Operators building agentic AI products (coding assistants, research agents, multi-tool workflows) should profile their end-to-end latency stack — they may find CPU-bound bottlenecks dominating user-facing performance. Investing in GPU upgrades alone will yield diminishing returns for complex orchestration workloads where CPU accounts for 90%+ of latency.

Architect for the Right Workload Type

The latency profile shifts dramatically by use case. A simple chatbot is ~80% GPU-bound; complex orchestration is ~95% CPU-bound. Teams should match their infrastructure and optimization priorities to the specific workload type they are shipping, not apply a one-size-fits-all AI infrastructure playbook.


6. Overlooked Insights

Georgia Tech as an Emerging AI Infrastructure Research Node

Georgia Tech is co-credited alongside Morgan Stanley and Intel as a source for this data — a signal that academic institutions are generating commercially relevant AI systems research that is moving markets and informing institutional investment theses. This is an underappreciated source of early-signal research for investors tracking AI infrastructure trends.
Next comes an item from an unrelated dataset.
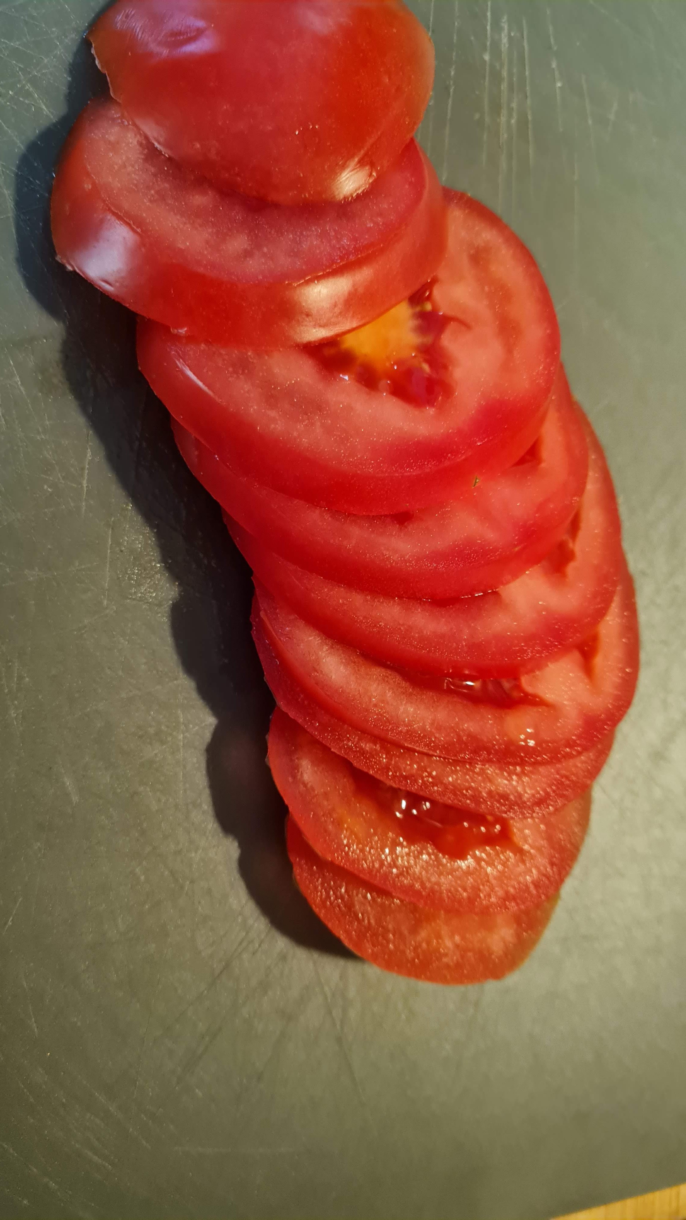 - Доматите също нарязвам на филийки с дебелина 5 мм.

"Directional Estimates" Caveat Is Materially Important

The chart footnote notes these are "directional estimates by MS Tech Research, not measured benchmarks" — meaning the precise splits carry uncertainty. The direction of the trend (CPU dominance scaling with workload complexity) is the signal; investors should be cautious about treating the exact percentages as hard engineering specifications.